Last Thursday, I was scrolling through my bookmarks — the graveyard where interesting links go to die — when my former labmate Sam sent me a message: "Elena, drop everything. SkyPilot just published the autoresearch scaling results."
I did not drop everything. I was eating pad thai and was not about to let it get cold. But I did open the tab, and by the time I finished eating, my pad thai was cold anyway because I had been reading for twenty minutes straight.
Here is the short version: they took Andrej Karpathy's autoresearch project — a system where a coding agent autonomously improves a neural network training script — and gave it access to 16 GPUs on a Kubernetes cluster. Over 8 hours, it submitted approximately 910 experiments and reduced validation loss (val_bpb) from 1.003 to 0.974. A 2.87% improvement over baseline.
That does not sound dramatic until you realize the sequential baseline would have taken 72 hours to reach the same result. The parallel version got there in 8. That is a 9x speedup.
But the really interesting part is not the speedup. It is how the agent changed its behavior when it had more resources.
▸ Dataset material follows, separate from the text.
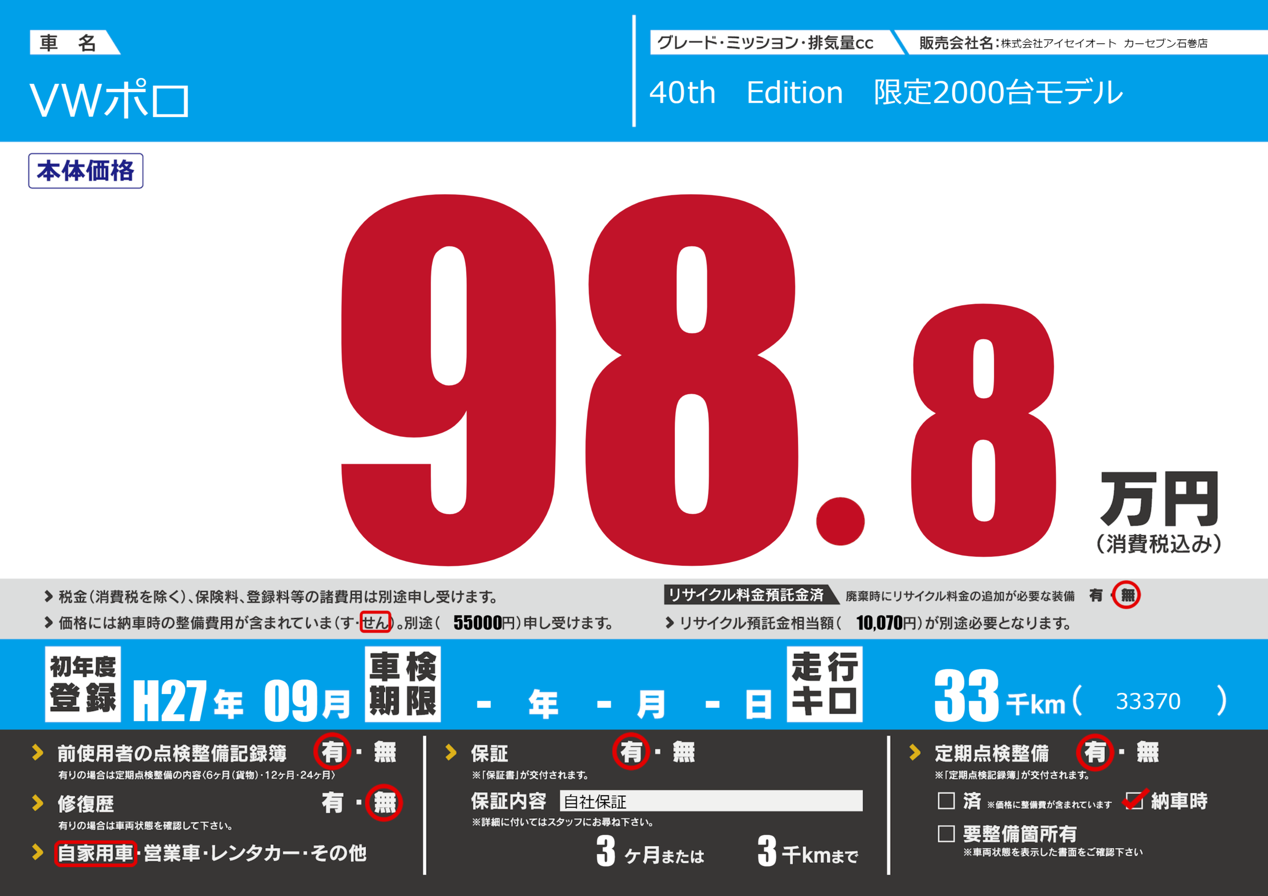 | 車名 | VWポロ | グレード ミッション 排気量 |

What Is Autoresearch, and Why Should You Care?
Autoresearch is deceptively simple. It has three files:
- prepare.py — downloads data, trains a tokenizer, provides the dataloader. The agent cannot touch this.
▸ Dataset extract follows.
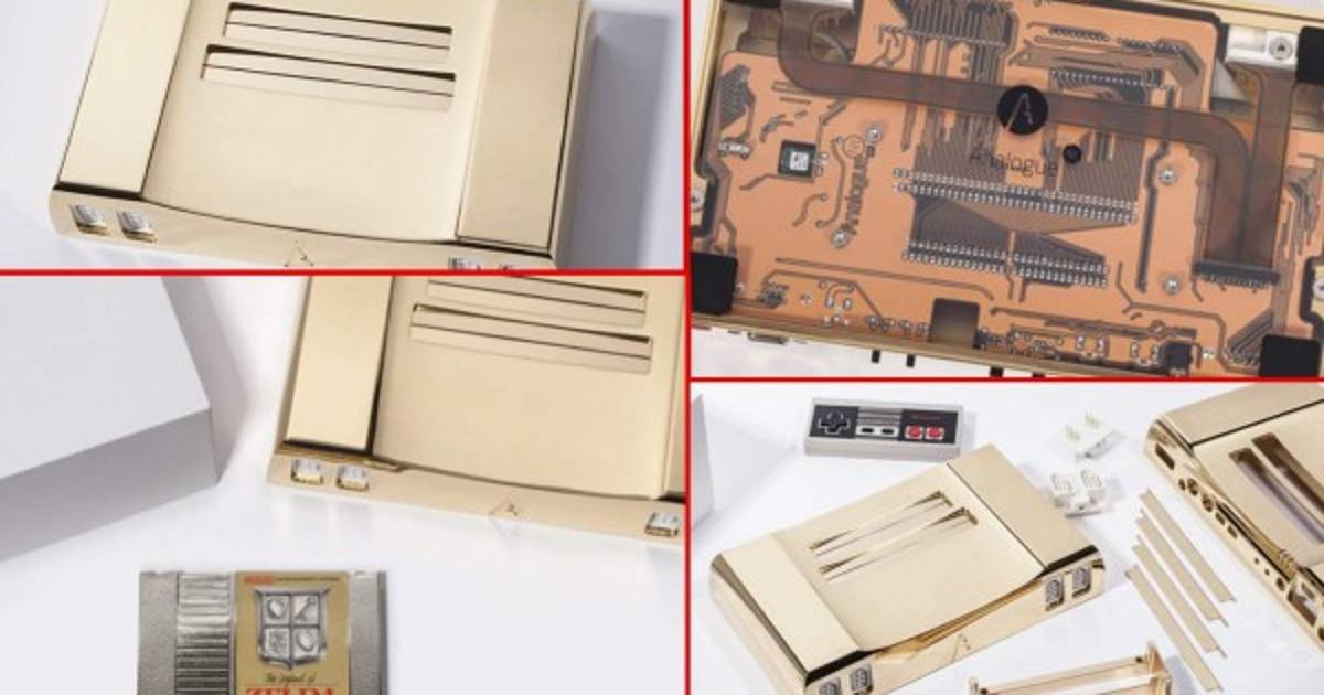 Todas y cada una de las piezas de aluminio de la consola (su versión estándar, que utiliza juegos de NES y Farmicom) han recibido un baño de oro de 24 quilates y un pulido a mano en sus fábricas de Seatle. La placa base es transparente, para poder ver con detalle el interior.

- train.py — the GPT model, optimizer, and training loop. This is the only file the agent modifies.
- program.md — instructions telling the agent what to change, how to evaluate, and when to keep or discard changes.
The constraint: a fixed 5-minute wall-clock training budget per experiment. The agent's job is to minimize validation bits per byte within that window. Architecture, hyperparameters, optimizer settings, batch size, model depth — everything in train.py is fair game.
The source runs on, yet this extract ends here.